Der US-Präsident Donald Trump hat angekündigt, das Inkrafttreten des geplanten direkten Zolls in Höhe von 50 Prozent auf Waren aus der Europäischen Union (EU) zu verschieben. Wie mitgeteilt wurde, wurde das ursprünglich für den 1. Juni 2025 angekündigte Datum auf den 9. Juli 2025 verlegt.

Trump gab seine offizielle Erklärung über die Plattform Truth Social ab. In seinem Beitrag verwies er auf ein Telefonat mit der EU-Kommissionspräsidentin Ursula von der Leyen und erklärte, dass Von der Leyen ihn um eine zusätzliche Frist für die Anwendung der Zölle gebeten habe.

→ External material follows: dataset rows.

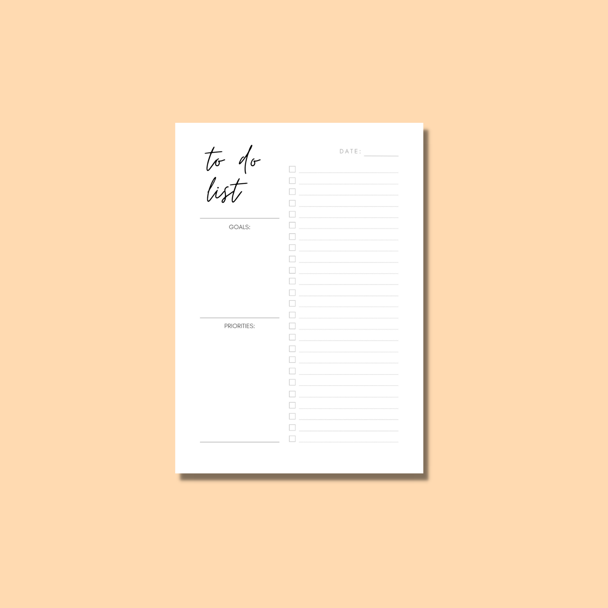 Minimalist To Do List | Goals & Priorities Planner | 50 Page Notepad | Planner | Organiser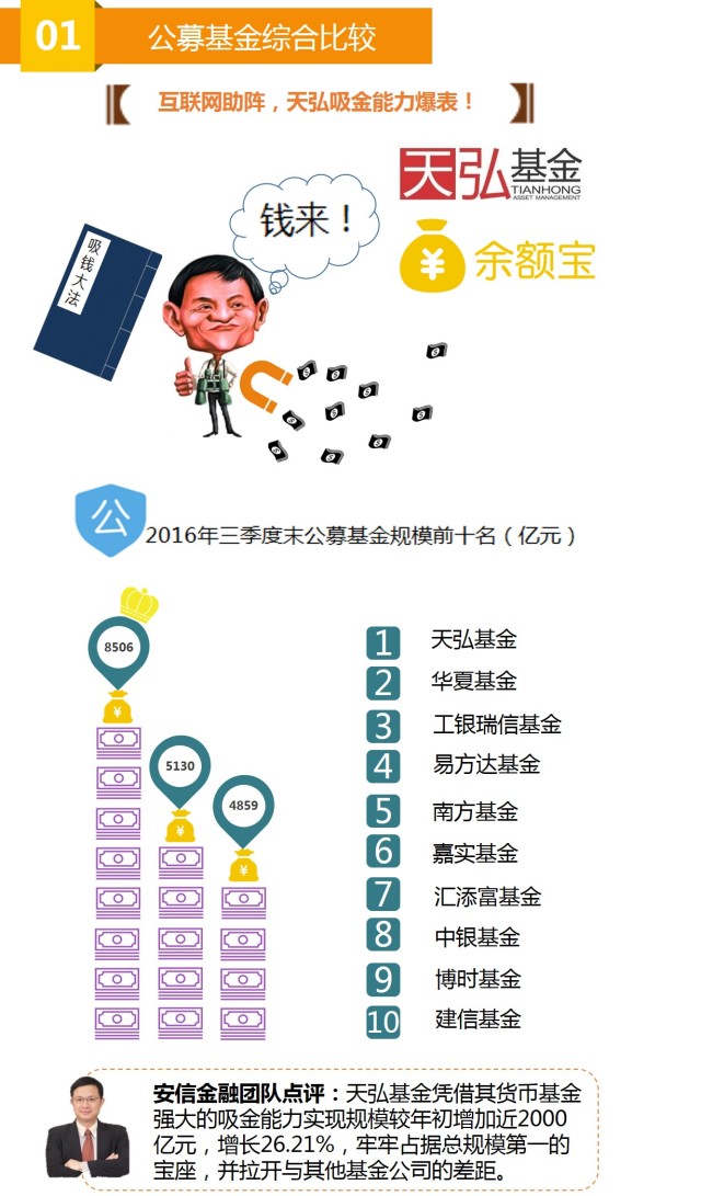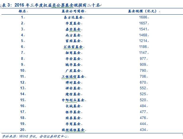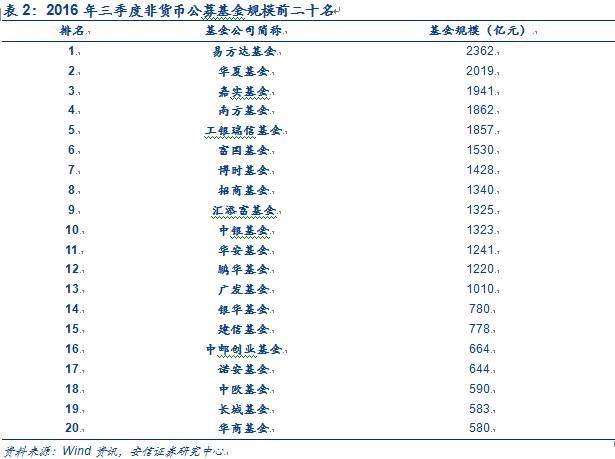 1.2. 规模比较:总体格局保持稳定2016年三季度基金公司排名与2016年二季度基本一致,只是中银、博时和建信排名互换,前十名名单并无变化。天弘基金凭借货币基金的吸金能力实现规模较年初增加近2000亿元,增长26.21%,牢牢占据总规模第一的宝座,并拉开与其他基金公司的差距。
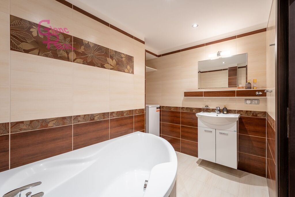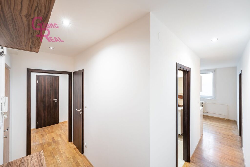 Byt o celkové ploše 73 m2, obytná plocha 64 m2 s dispozicí 2+1 a dvěma balkony je po kompletní vkusné rekonstrukci s rekuperační jednotkou v obývacím pokoji, jádro zděné, nová kuchyňská linka na míru vč. spotřebičů, nová koupelna s rohovou vanou. V bytě jsou nové rozvody vody, el.energie, nové obložky dveří a nové dveře, dřevěné plovoucí podlahy a dlažba. Rovněž jsou v bytě zhotovené stropy ze sádrokartonu, zahlazené stěny.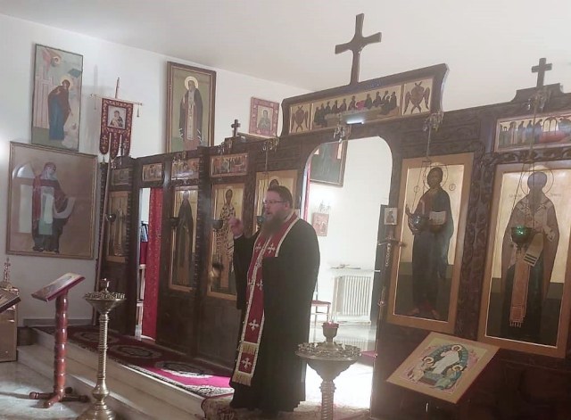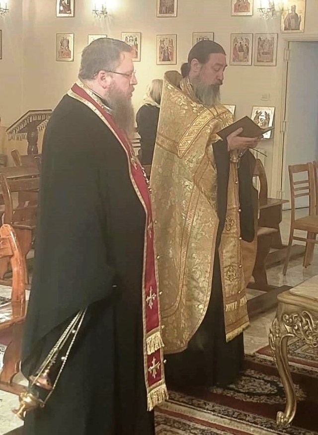 Богослужение возглавил архимандрит Филипп в сослужении архимандрита Серафима (Шемятовского), представителя Православной Церкви Чешских земель и Словакии при Московском Патриаршем престоле.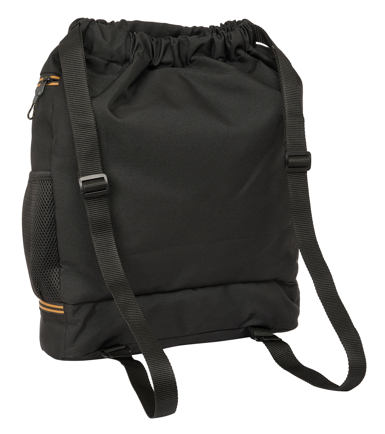 Bolsillo interior con cremallera. Bolsillos laterales de red portabotellas. Compartimento inferior con cremallera de apertura en 2 direcciones para facilitar el acceso. Bolsillos laterales con cremallera. Closing with webbings. Adjustable shoulder webbings.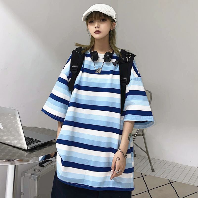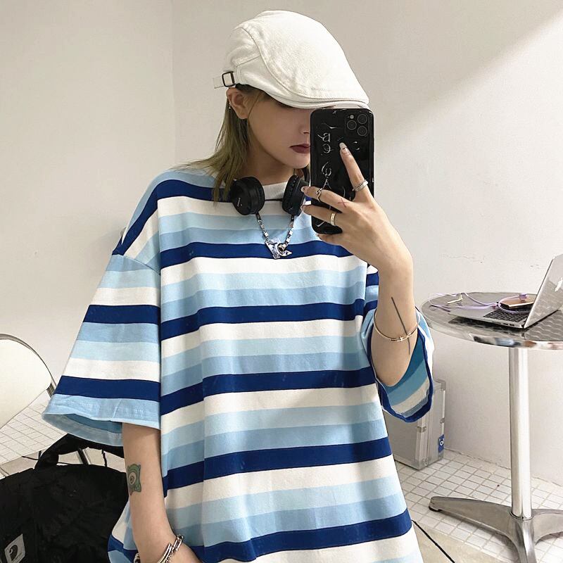 カラーTシャツレディース夏服韓国ファッショントレンドストライプルーズトップス 夏物 コーデ モノクロ Studio4931606500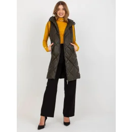 Khaki dlouhá prošívaná vesta z ekokůže .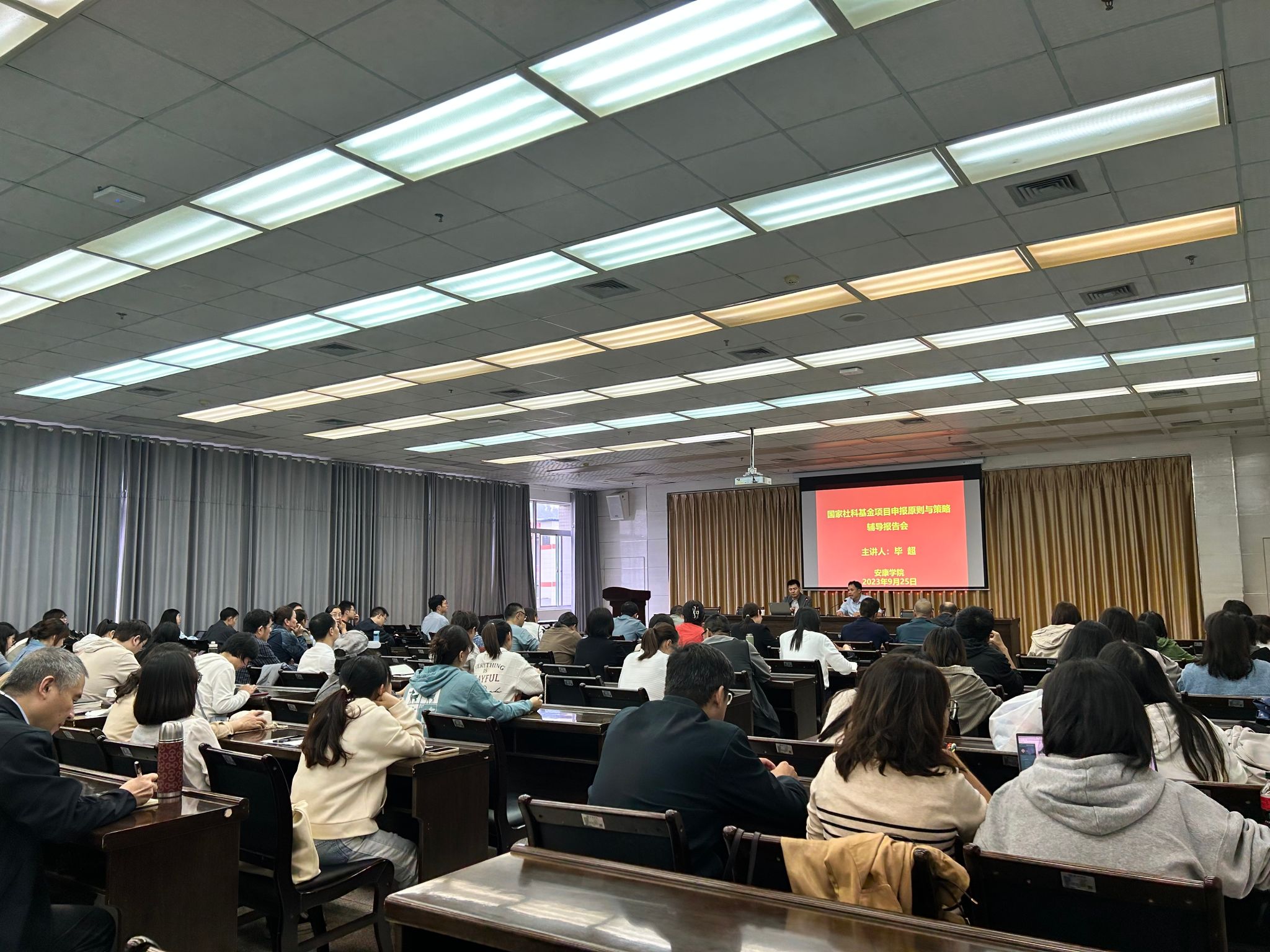 毕超副教授以“国家社科基金项目申报原则与策略”为题,介绍了近年来国家社科基金项目资助的新变化、新趋势、新特点,从申报选题到申报书撰写过程的“四大原则“、”六大策略“及相关注意事项做了专题辅导,内容详实细致。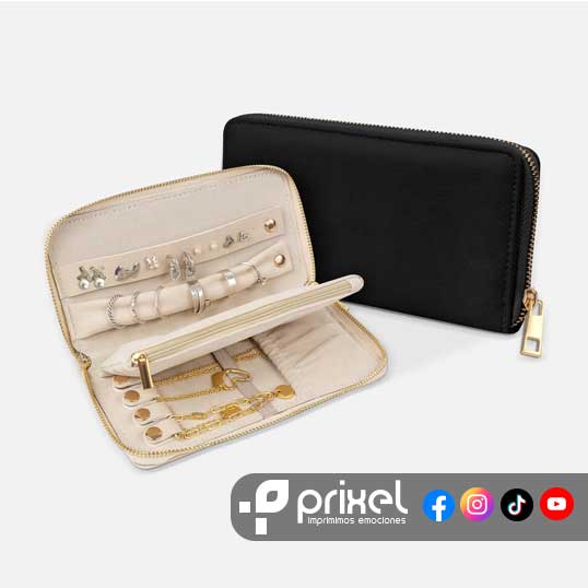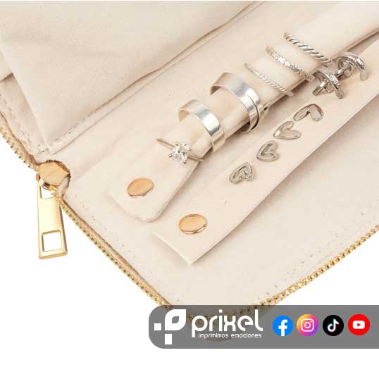 Descripción: Organizador de joyería para viaje con diseño tipo cartera. Cuenta con múltiples compartimentos internos para organizar anillos, aretes, collares y pulseras, incluyendo ganchos metálicos, bolsillo con cierre y bandas con broches. Cierre completo y formato compacto para llevarlo en bolsa o maleta sin ocupar mucho espacio.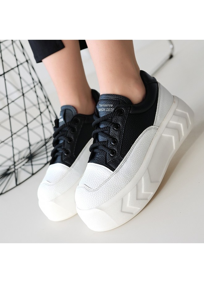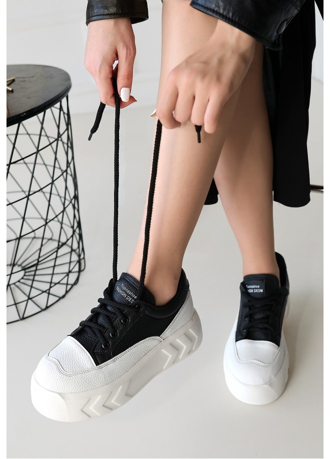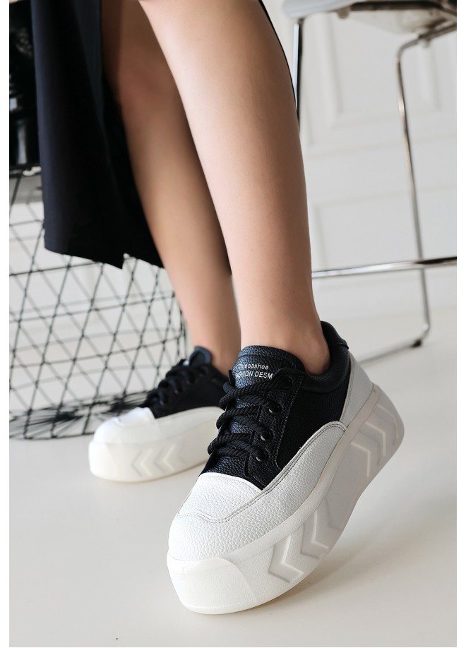 Emwa Siyah Cilt Bağcıklı Spor Ayakkabı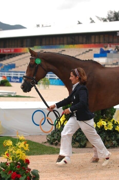 The U.S. Olympic Eventing team passed the first horse inspection, looking fit and ready to go! MacKinlaigh and Gina Miles (pictured), as well as the rest of the team, trotted down the jogging lane in fine form. Shannon Brinkman photo.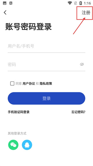 3、在账号密码登录页面,若没有账号,点击右上角【注册】按钮,可进入注册新账号页面进行账号注册。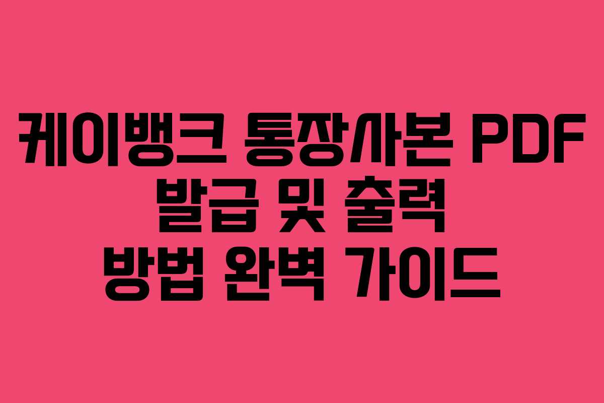 케이뱅크는 인터넷 뱅크 중 하나로 많은 이들이 이용하고 있는 대표적인 금융 서비스입니다. 특히, 통장사본 PDF를 발급받고 출력하는 방법을 알고 싶어하는 분들이 많습니다. 이번 글에서는 2026년 기준으로 케이뱅크의 통장사본을 어떻게 쉽게 발급받을 수 있는지에 대해 안내드리겠습니다.
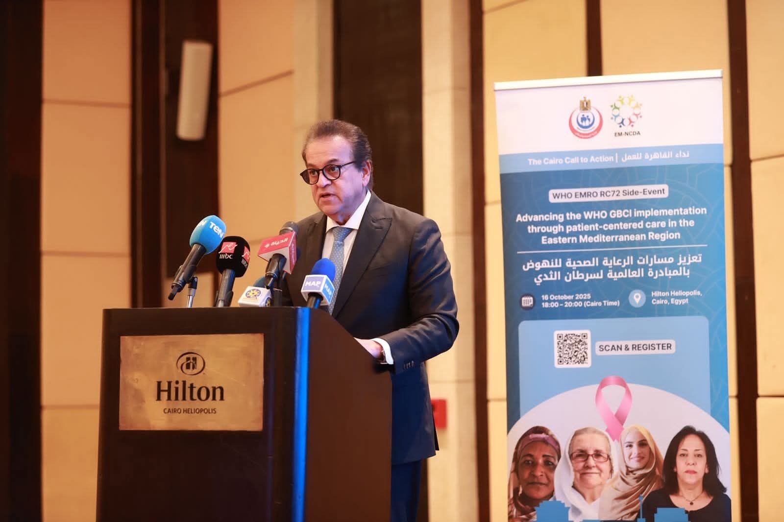 جاء ذلك خلال كلمة الدكتور عبدالغفار في مؤتمر «النهوض بتنفيذ مبادرة منظمة الصحة العالمية لسرطان الثدي من خلال الرعاية المتمحورة حول المريض في إقليم شرق المتوسط» الذي نظمته المنظمة بالشراكة مع تحالف شرق المتوسط للأمراض غير المعدية، على هامش الدورة 72 للجنة الإقليمية لمنظمة الصحة العالمية (15-17 أكتوبر 2025) بالقاهرة، بحضور نواب وزراء الصحة من عمان وروسيا، وممثلي المنظمات الدولية.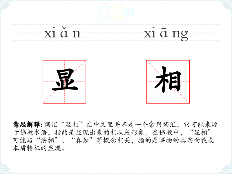 词汇“显相”在中文里并不是一个常用词汇,它可能来源于术语,指的是显现出来的相状或形象。在中,“显相”可能与“法相”、“真如”等概念相关,指的是事物的真实面貌或本质特征的显现。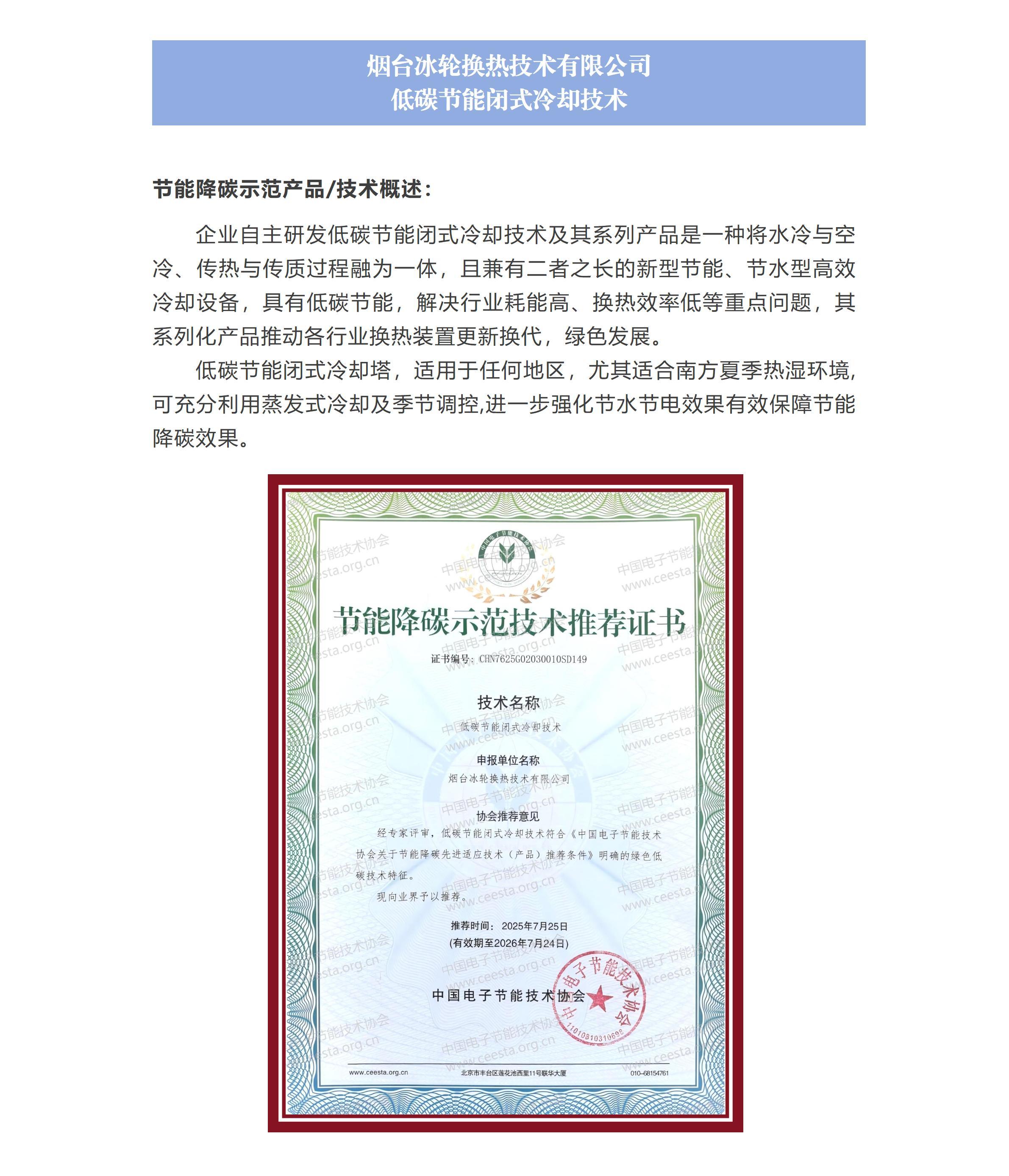 烟台冰轮换热技术有限公司 低碳节能闭式冷却技术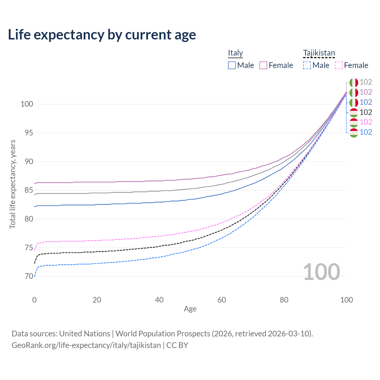 This life expectancy calculator shows the odds of living to 100, 95, 90, and below based on current age for both males and females in Italy and Tajikistan, along with mean and median age of death. The calculations are based on the 2026 life tables (actuarial tables) from the UN World Population Prospects.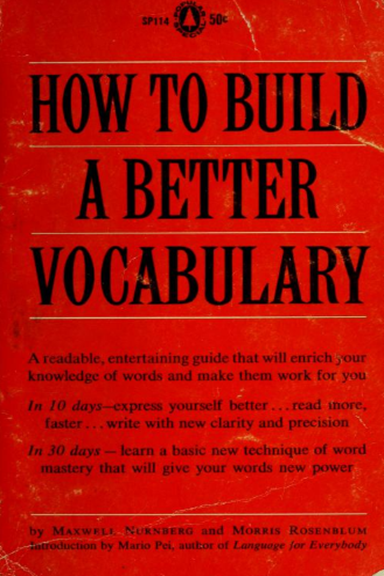 "Are there memory aids, or better yet, systems, whereby one may familiarize himself with entire sets of words at once, break them up into their component parts, analyze and penetrate their meaning even when they have never been seen before? The authors are convinced (and we join them in their conviction) that there are such devices. We can call them short cuts to understanding, or aids to building a wider personal vocabulary. . . . The authors, men of long experience in this field, have selected and gathered together in this volume a number of such short cuts and aids Highly rewarding." Publisher : New York : Popular Library Publication date : 1961 Language : English Paperback : 346 pages Link download https://nitro.download/view/E668464C9C0B3F3https://nitroflare.com/folder/949760/L00VuZ2xpc2g=

Trump betonte, er habe diesem Wunsch Rechnung getragen und die Entscheidung zur Verschiebung in diesem Sinne getroffen.

Darüber hinaus erklärte Trump, dass Von der Leyen während des Gesprächs hoffnungsvolle Signale hinsichtlich bald beginnender Handelsverhandlungen zwischen beiden Seiten gegeben habe, und dankte ihr für ihr Engagement in dieser Angelegenheit.

Auch Von der Leyen betonte in einer Erklärung über ihr Social-Media-Konto, dass sie ein produktives Gespräch mit Trump geführt habe, und teilte ihre Einschätzung: "Die EU und die USA unterhalten die weltweit bedeutendste und engste Handelsbeziehung."

DIE ENTSCHEIDUNG ÜBER ZUSATZZÖLLE UND VORANGEGANGENE ENTWICKLUNGEN

In seiner Erklärung auf Truth Social am 23. Mai hatte Trump argumentiert, dass bei den laufenden Handelsverhandlungen mit der Europäischen Union nicht der gewünschte Fortschritt erzielt worden sei, und geäußert: "Daher schlage ich vor, ab dem 1. Juni einen direkten Zoll von 50 Prozent auf die EU anzuwenden. Sollte das Produkt jedoch in den USA gegründet oder hergestellt worden sein, wird kein Zoll erhoben."

Im Anschluss an diese Entwicklungen äußerte sich auch US-Finanzminister Scott Bessent zu dem Prozess. Minister Bessent erklärte, dass Trump die Angebote aus der EU im Vergleich zu denen anderer großer Handelspartner nicht als von gleicher "Qualität" empfunden habe und man daher hoffe, dass die Entscheidung für die Zölle die Union zum Handeln bewege.

Anfang April hatte Trump Schritte unternommen, die gegenseitige Zölle gegenüber vielen Handelspartnern vorsahen, darunter China, die EU und die ASEAN-Staaten. Nachdem China mit Vergeltungsmaßnahmen auf diesen Schritt reagiert hatte, verschärften sich die Handelsspannungen zwischen beiden Ländern, woraufhin die US-Regierung beschloss, die für die EU und andere Länder vorgesehenen Zölle für einen Zeitraum von 90 Tagen auszusetzen.

Diese den USA von der Europäischen Union gewährte 90-tägige Frist endet mit dem nun neu festgelegten Datum am 9. Juli.